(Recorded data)

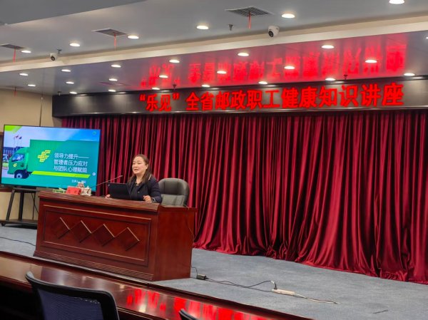 近日,為全面提升干部職工健康意識和心理綜合素質,以積極的心態面對生活,以澎湃的激情投身旺季生產,省郵政工會特邀請湖北省陽光基金心里健康宣講團講師、華中師范大學博士心理專家舉辦“樂見”健康知識講座,此次活動以現場講解、電視電話會議和線上直播方式同時進行,吸引了眾多郵政職工積極參與,取得了良好的效果。
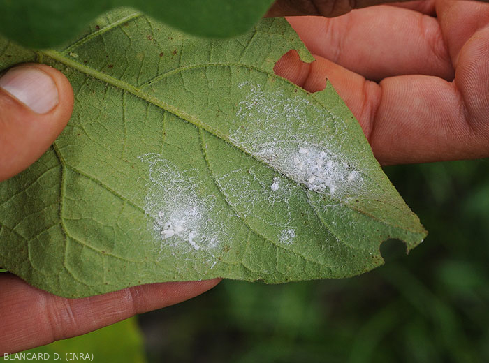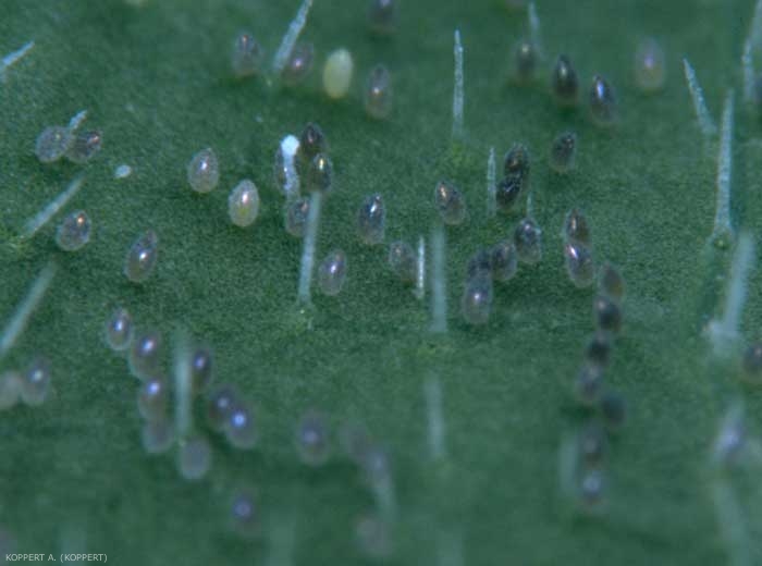 Signes: Présence de larves et d'adultes sur les organes affectés (figures ). De la fumagine (sooty mold) (figure ) est souvent associée à la présence d'aleurodes. Rappelons que cette dernière entraine une réduction de la photosynthèse et de la respiration foliaire et rend les productions non commercialisables.
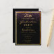 Um cartão de convite feminino e chic para uma festa de formatura 20xx. Glamorosa com elegante e moderno fundo negro e chuva roxa e cor-de-rosa confetti. Modelo para detalhes de nome e festa. O texto Graduação e o nome são escritos com um script de estilo manuscrito moderno. Ouros. Traseiro: cor preta do fundo. Este cartão também está disponível em nossa loja sem cor de fundo no verso.
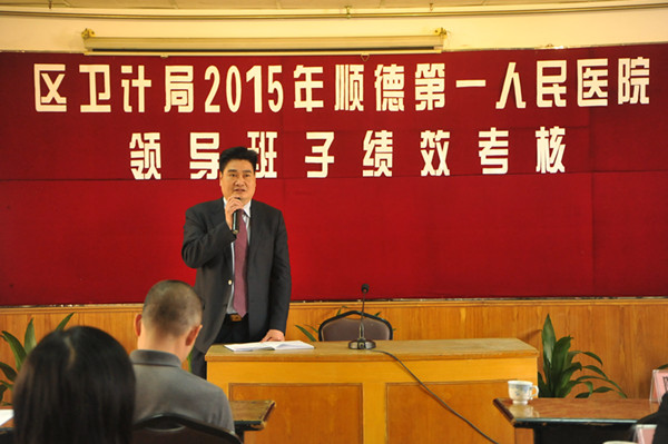 1月8日上午,由順德區(qū)衛(wèi)計(jì)局局長譚俊杰帶領(lǐng)的績效考核專家組一行60余人來到我院,開展2015年公立醫(yī)療衛(wèi)生單位領(lǐng)導(dǎo)班子績效考核檢查。我院院長陳小伍率全體領(lǐng)導(dǎo)班子及有關(guān)部門負(fù)責(zé)人給予了熱情接待。
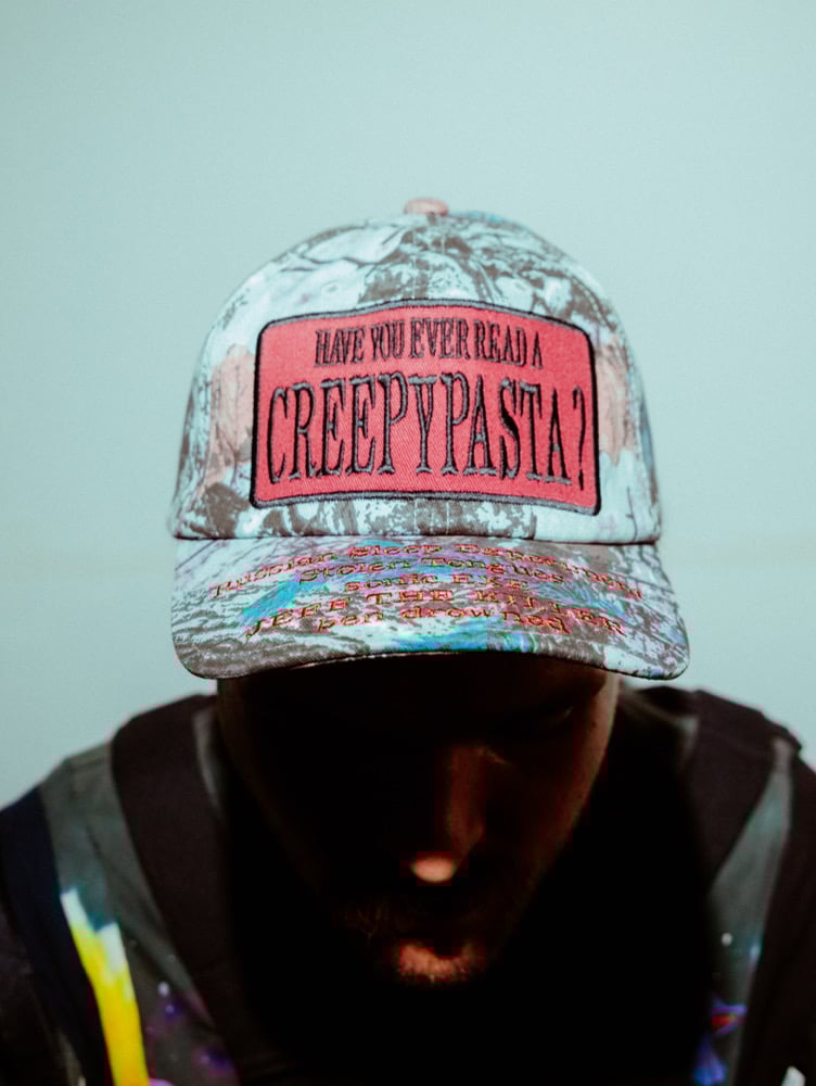 • CREEPYPASTA embroidery on front, embroidery also on brim, and back
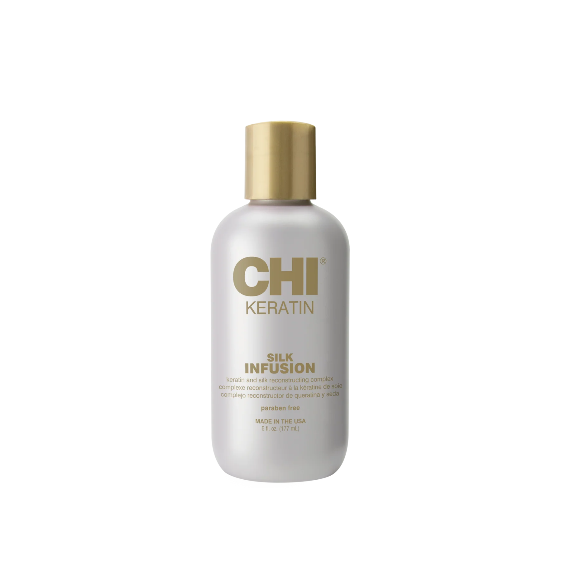 CHI Keratin Silk Infusion is a powerful reconstructing complex that heals and hydrates dry, damaged hair. This unique compound dramatically improves elasticity, preventing future breakage, while adding intense hydration that restores softness and shine.
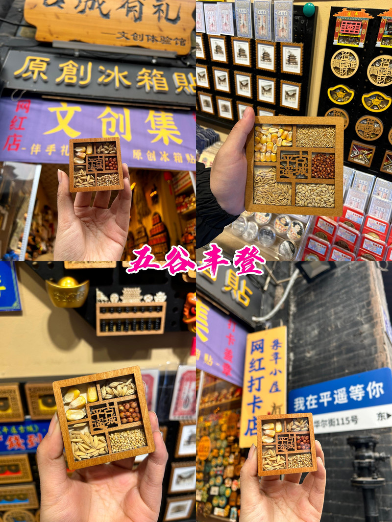 再看看獨特的“五穀豐登”板塊冰箱貼,把晉中的沃土豐饒濃縮成了方寸藝術。金燦燦的麥穗貼,每一粒麥子都用浮雕工藝凸起,彷彿能聞到新麥的焦香。
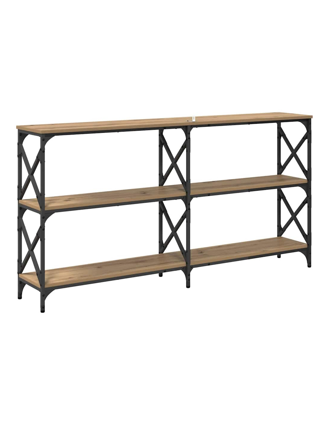 Questo tavolo consolle in legno ingegnerizzato unisce fascino rustico a un design pratico. È l'ideale per abbellire qualsiasi soggiorno. Perfetto per mostrare oggetti decorativi e dispone di ampio spazio di stoccaggio, con una superficie rettangolare e ripiani in legno ingegnerizzato. Il robusto telaio in metallo e le gambe a palo offrono un supporto sicuro, rendendolo un'ottima aggiunta a corridoi, ingressi o spazi living.

PROBLEM REQUIREMENTS:
Set the pictures aside and repeat only the lines from the one containing "CHI Keratin Silk" through the last line of the entries above, exactly as they stand.

FINISHED TASK:
 CHI Keratin Silk Infusion is a powerful reconstructing complex that heals and hydrates dry, damaged hair. This unique compound dramatically improves elasticity, preventing future breakage, while adding intense hydration that restores softness and shine.
 再看看獨特的“五穀豐登”板塊冰箱貼,把晉中的沃土豐饒濃縮成了方寸藝術。金燦燦的麥穗貼,每一粒麥子都用浮雕工藝凸起,彷彿能聞到新麥的焦香。
 Questo tavolo consolle in legno ingegnerizzato unisce fascino rustico a un design pratico. È l'ideale per abbellire qualsiasi soggiorno. Perfetto per mostrare oggetti decorativi e dispone di ampio spazio di stoccaggio, con una superficie rettangolare e ripiani in legno ingegnerizzato. Il robusto telaio in metallo e le gambe a palo offrono un supporto sicuro, rendendolo un'ottima aggiunta a corridoi, ingressi o spazi living.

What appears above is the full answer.